With Sydney's addition in 2025 there are now seven stars to chase. They differ wildly: Berlin and Chicago are PR courses, New York and Sydney are hard-effort spectacles, and Boston you have to earn. Here's the honest comparison.

  1. 1

    Berlin, Germany · September · 73 m gain · -6 m net

    The fastest marathon course in the world on paper: wide boulevards, gentle curves, and virtually no climbing. More world records have fallen here than anywhere else. Pacing discipline is the only hazard — the course gives you no excuse to slow down.

  2. 2

    Chicago, USA · October · 74 m gain · +1 m net

    Pancake-flat loop through 29 neighborhoods with enormous crowd support. The only 'climb' is a highway overpass at kilometre 41. Tall buildings can confuse GPS early — run by feel and the split clocks.

  3. 3

    Tokyo, Japan · March · 60 m gain · -38 m net

    Gently net-downhill first half through Shinjuku, then flat out-and-back sections along wide avenues. Several 180° turnarounds late require patience, but conditions and surface make this a genuine PR course.

  4. 4

    London, United Kingdom · April · 127 m gain · -34 m net

    Fast, slightly net-downhill tour of the Thames with the deepest crowds in the sport. The first 5 km drop ~30 m; from there it's flat with grinding cobbled corners around the Tower of London late.

  5. 5

    Boston, USA · April · 248 m gain · -140 m net

    Net downhill but deceptively hard: the first 25 km drop steadily and wreck quads that go out too fast, then the Newton hills (km 26–34, capped by Heartbreak Hill) arrive exactly when glycogen runs out. Even splits here means banking restraint, not time.

  6. 6

    New York, USA · November · 246 m gain · -5 m net

    The hardest of the majors to race fast: five bridges (no crowds, plenty of wind), rolling Central Park finish, and a Verrazzano opening kilometre that climbs 40 m.

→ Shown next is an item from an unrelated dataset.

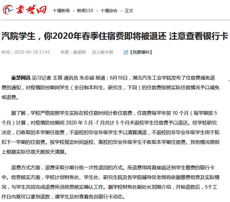 【秦楚网】汽院学生,你2020年春季住宿费即将被退还 注意查看银行卡
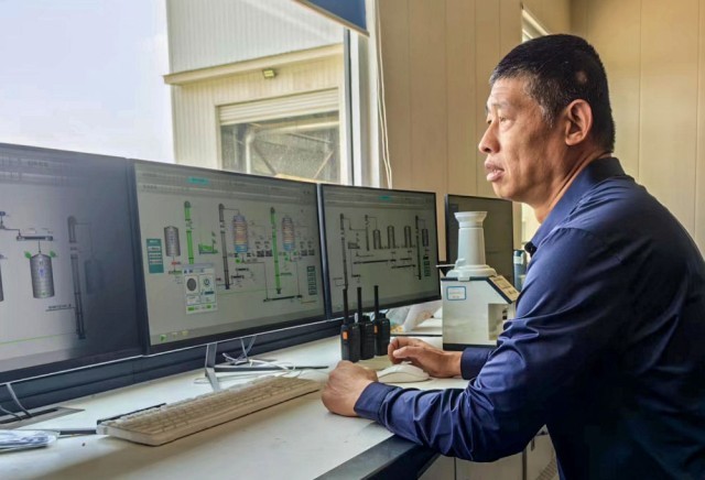 6月13日,在山东省齐河县晏城街道粮食烘干仓储服务中心,工作人员监测粮食烘干塔运行情况。新华社记者 陈灏 摄

You run New York for the experience — or pace the bridges honestly and surprise yourself.

  7. 7

    Sydney, Australia · August · 310 m gain · -83 m net

    The hilliest of the seven majors: a punchy, rolling course over the Harbour Bridge with a spectacular Opera House finish. Treat it like a hard-effort course — chase the experience and the Seven Star medal, not a PR.